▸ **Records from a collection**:
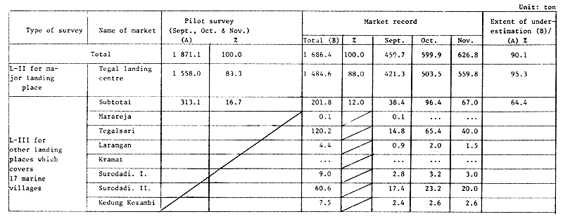 A case where the catch is directly sold to fish dealers seldom occurs at the Tegal landing centre. Therefore, the difference of catch between the fish market record and estimates obtained through the L-II Survey is very small.
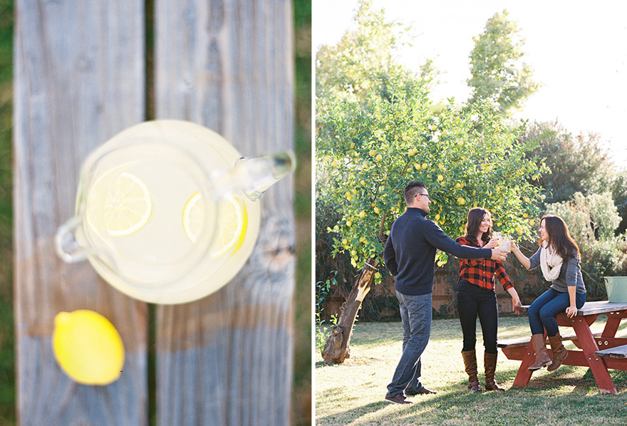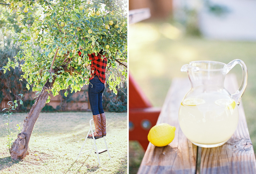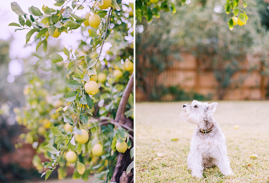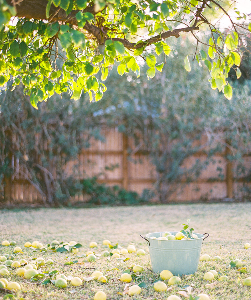 It's become a bit of a tradition for my neighbor friends to come over donning their garden gloves, and we make a party out of it. I pour lemonade, the dogs get in on the fun, and everyone goes home with more lemons than they can possibly use in five years' time. ha! I give as many away as I can and the rest I juice and freeze in one cup increments in breast milk bags -- a brilliant idea I got from one of my new-mom friends. That way I can serve fresh squeezed lemonade year round! It's always a hit so I keep a pitcher on hand in my fridge at all times.
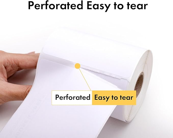 - Bright white, premium direct thermal label with a strong, long-lasting adhesive for any flat surface. Perforated between labels - easy to tear.
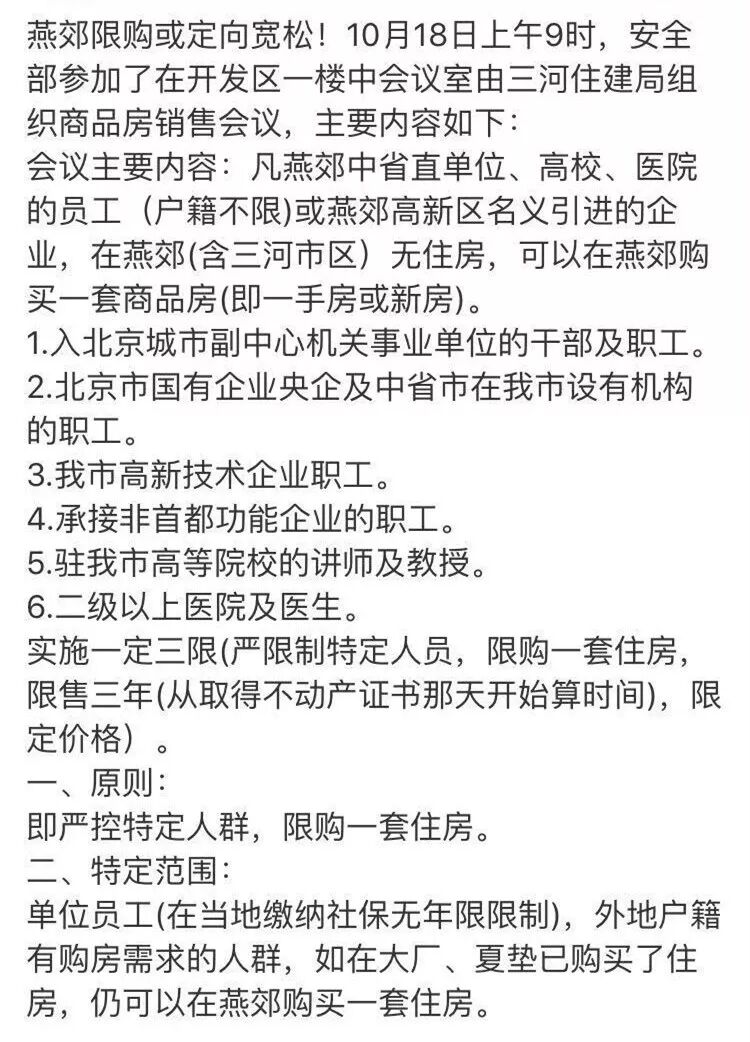 据北京一些房产号爆料,燕郊楼市也有望限购定向放松,凡燕郊中省直单位、高校、医院的员工(户籍不限)或燕郊高新区名义引进的企业,在燕郊(含三河市区)无住房,可以在燕郊购买一套商品房(即一手房或新房)。需要强调和说明的是,官方至今未有证实。
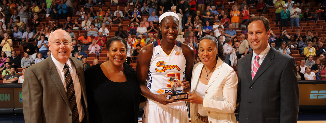 Tina Charles is the personification of the WNBA’s mission to inspire others both on and off the basketball court. Tina is not only an outstanding athlete, but a generous giver who funded the full cost of an elementary school in Western Africa. We are so proud of her accomplishments.
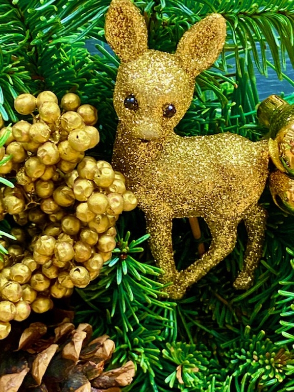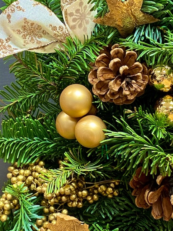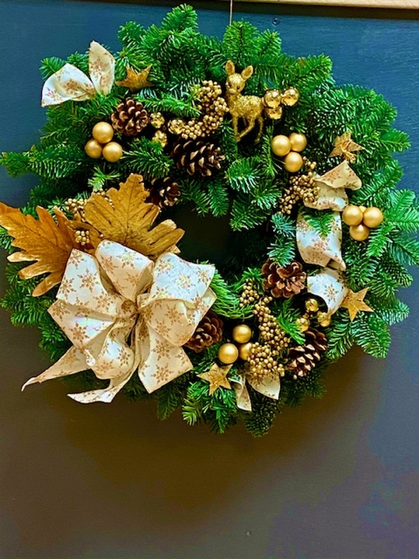 Glitz and glam is the theme for this wreath including stunning  dried gold oak leaves, gold coconut shell stars, cones, gold baubles and pepper berries.
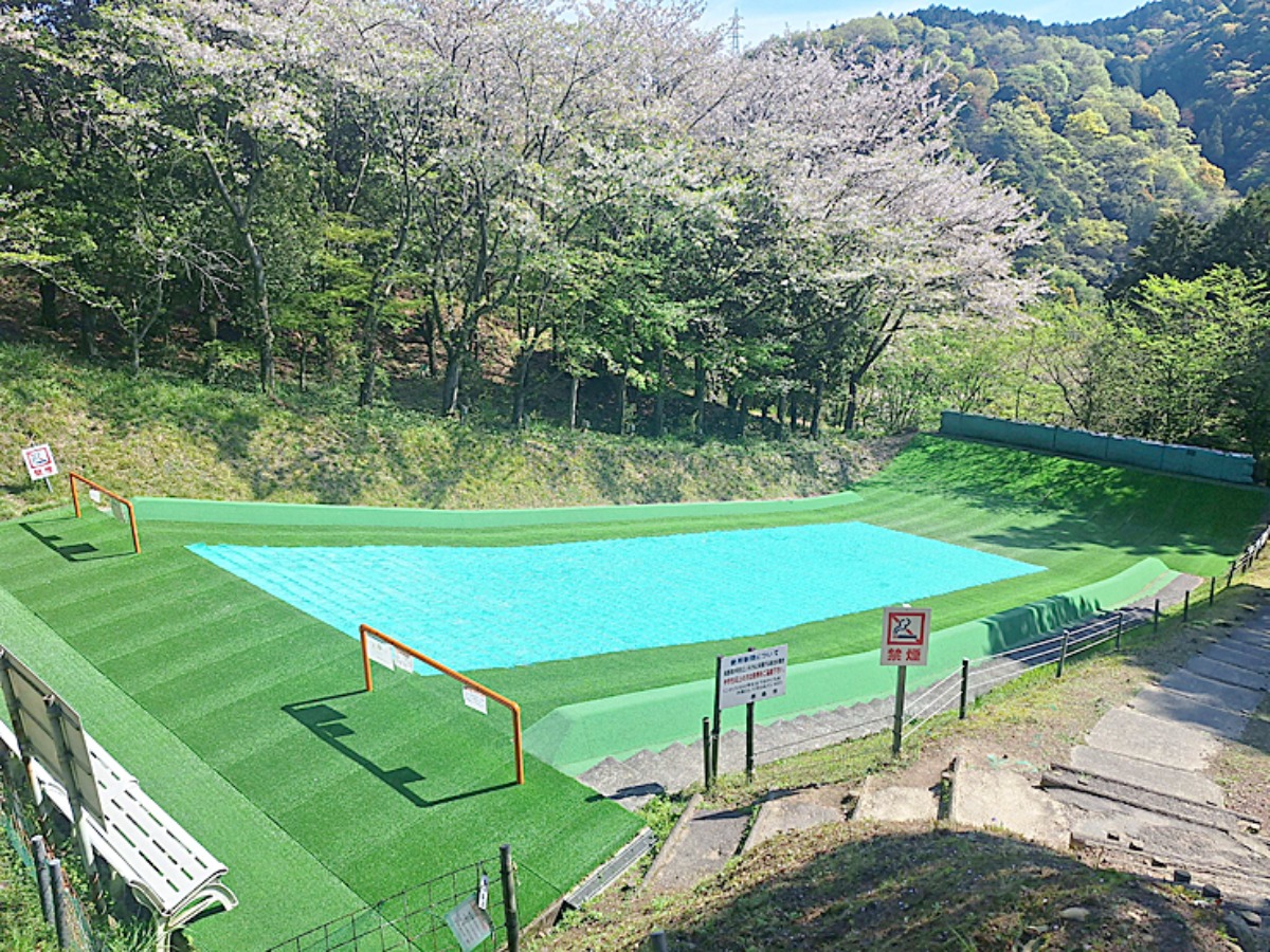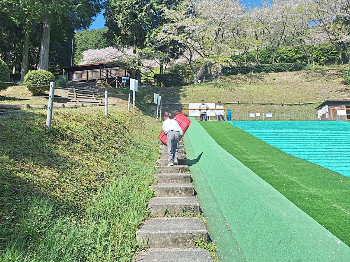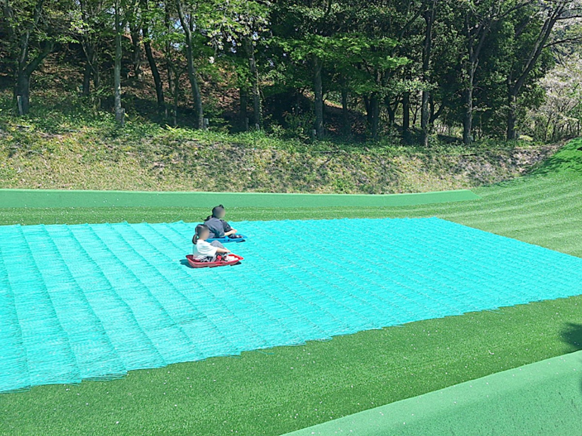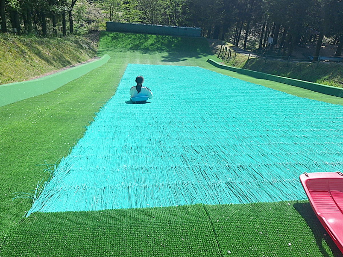 管理事務所からすぐのところに、鮮やかなグリーンが目を引く「人工芝すべり台」があります。専用のソリを使って滑るこのすべり台は、子どもたちもとても楽しみにしていたスポットです。

▸ **What the task asks**: Quote, please, only the lines running from the one with "Glitz and glam" down to the final line of the data above, keeping both ends and skipping the pictures.

▸ **Finished exercise**:
 Glitz and glam is the theme for this wreath including stunning  dried gold oak leaves, gold coconut shell stars, cones, gold baubles and pepper berries.
 管理事務所からすぐのところに、鮮やかなグリーンが目を引く「人工芝すべり台」があります。専用のソリを使って滑るこのすべり台は、子どもたちもとても楽しみにしていたスポットです。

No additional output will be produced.